Garcea Lab: Human Polyomavirus


 

THESIS

Complete Title of Thesis:

"Seroprevalence of Human Polyomaviruses and the Detection of Lymphotropic Polyomavirus DNA in Human Peripheral Blood"


Prepared under the direction of: Robert L. Garcea, M.D.

 

SUMMARY

Lymphotropic polyomavirus (LPV) was first isolated in 1979 from a B-lymphoblastoid cell line derived from an African Green monkey (Med. Microbiol. Immunol., 167,137). Cellular tropism for LPV includes continuous lines of B lymphoblasts of both human and monkey origin. Antibodies to LPV are prevalent among primates.
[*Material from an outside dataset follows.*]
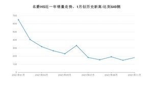 2021年11月,名爵HS销量为182辆,同比下降67.96%,环比增长22.15%。1-11月份,名爵HS销量为3060辆,同比下降74.23%。在最近1年中,名爵HS销量在2021年01月达到最高,销量为649辆。

Recently, 15-25% of humans have been reported to be sero-positive for LPV (personal communication M. Pawlita; Adv Exp Med Biol, 577, 73; Kean), indicating that exposure to LPV or a virus antigenically similar to LPV (LPV-like) circulates in human populations. Furthermore,in addition to BKV and JCV, 3 new human polyomaviruses are now recognized: Kl (KIPyV), WU (WUPyV) and Merkel cell polyomavirus (MCPyV). To measure seroreactivity to the human polyomaviruses BKV, JCV, KIPyV, WUPyV, and MCPyV, and to the monkey polyomaviruses SV40 and LPV, an ELISA assay using recombinant VP1 capsid proteins was developed. To determine potential crossreactivity between
VP1 proteins, soluble heterologous VP1 pentamers were used to assess competition. To identify a tissue source for the characterization of the human LPV-like virus, PCR techniques were used to detect viral DNA in peripheral blood mononuclear cells(PBMCs) isolated from pediatric blood samples. The seroprevalence results indicate that human exposure to the 3 recently identified polyomaviruses is high. Furthermore, crossreactivity between the VP1 proteins of SV40 and BKV is frequent, however,although Kl and WU polyomaviruses and LPV and Merkel Cell polyomavirus are phylogenetically related to one another, competition assays suggest these viruses are serologically distinct. My results from the seroprevalence and PCR studies support the circulation of an LPV-like virus in the human population and the use of PBMCs from LPV sero-positive individuals as a possible source for characterizing the LPV human variant.